How Deep Scan Works Under the Hood
A regular page scan only sees what has already loaded. On modern sites, that is often a fraction of the real images. Understanding how deep scan works explains why it catches the rest: it scrolls the page the way a human would, pauses for content to appear, and only then collects what is on screen. The result is a far more complete haul.
The problem Deep Scan solves
Many sites do not put their images in the initial HTML. They lazy-load pictures as you scroll, pull more in over AJAX, or stretch a gallery across an infinite-scroll feed that never fully loads until you reach the bottom. A quick scan of the visible page grabs the handful that happen to be rendered and misses everything below the fold.
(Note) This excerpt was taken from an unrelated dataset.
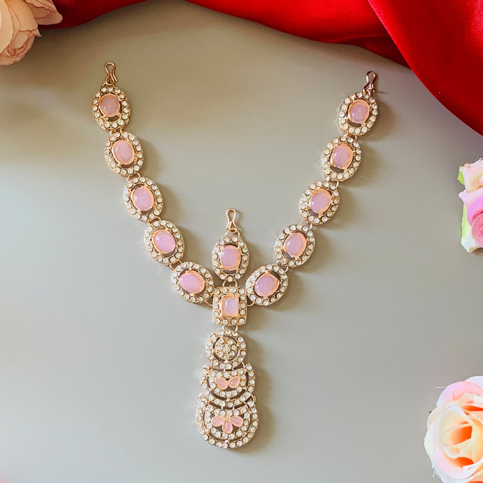 Gold Plated Pink CZ Necklace Earrings Maang Tikka Set

That is the gap how deep scan works is designed to close, by triggering the same loading behavior a real visitor would.
How deep scan works step by step
The mechanism is a scroll-and-wait loop rather than a single snapshot.
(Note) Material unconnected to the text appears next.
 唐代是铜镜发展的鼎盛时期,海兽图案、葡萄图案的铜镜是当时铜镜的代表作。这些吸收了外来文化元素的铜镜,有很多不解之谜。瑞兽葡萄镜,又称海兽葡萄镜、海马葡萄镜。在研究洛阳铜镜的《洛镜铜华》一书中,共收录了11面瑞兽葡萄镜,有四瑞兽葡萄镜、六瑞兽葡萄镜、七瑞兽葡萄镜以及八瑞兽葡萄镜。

- Scroll: the scanner moves down the page in stages instead of reading it all at once.
- Wait: after each move it pauses, giving lazy-loaded and AJAX images time to fetch and render.
- Detect: newly appeared images get picked up as they enter the page.
- Repeat: the loop continues through infinite-scroll content until the page stops producing new images.
By the end, the side-panel results reflect what the page actually contains, not just what was visible when you opened it. That is the core of how deep scan works, and why it suits galleries, product listings, and feed-style layouts.
When to reach for Deep Scan
Use Deep Scan when a regular Scan Current Page comes back light or you can see images appearing as you scroll manually.
- Lazy-loaded galleries: photography sites and portfolios that load thumbnails on demand.
- Infinite scroll: social-style feeds and category pages that keep loading as you go.
- AJAX content: listings that fetch more results without a full page reload.
For a small static page, a regular scan is faster and enough; Deep Scan earns its keep on the dynamic ones.
A few honest caveats
Because Deep Scan mimics real scrolling, it takes longer than a quick snapshot, especially on very long infinite-scroll pages where it has to keep going until new images stop appearing. That is the trade-off for completeness. It also only collects what the page is willing to load for a normal visitor, so it is not a way around access you do not have. On most galleries and listings, though, the extra time is well spent given how many images a single snapshot would otherwise leave behind.
After the scan
Once Deep Scan has the full set, the rest of the workflow takes over: apply filters for dimensions and file type, dedupe near-identical results, then send the URLs into a task to download. Because the scan runs client-side in your browser, the page is being read locally, not sent anywhere. Install Bulk Image Downloader From URL List and try Deep Scan on a page that hides its images behind scrolling. Now that you know how deep scan works, you can tell at a glance which pages need it.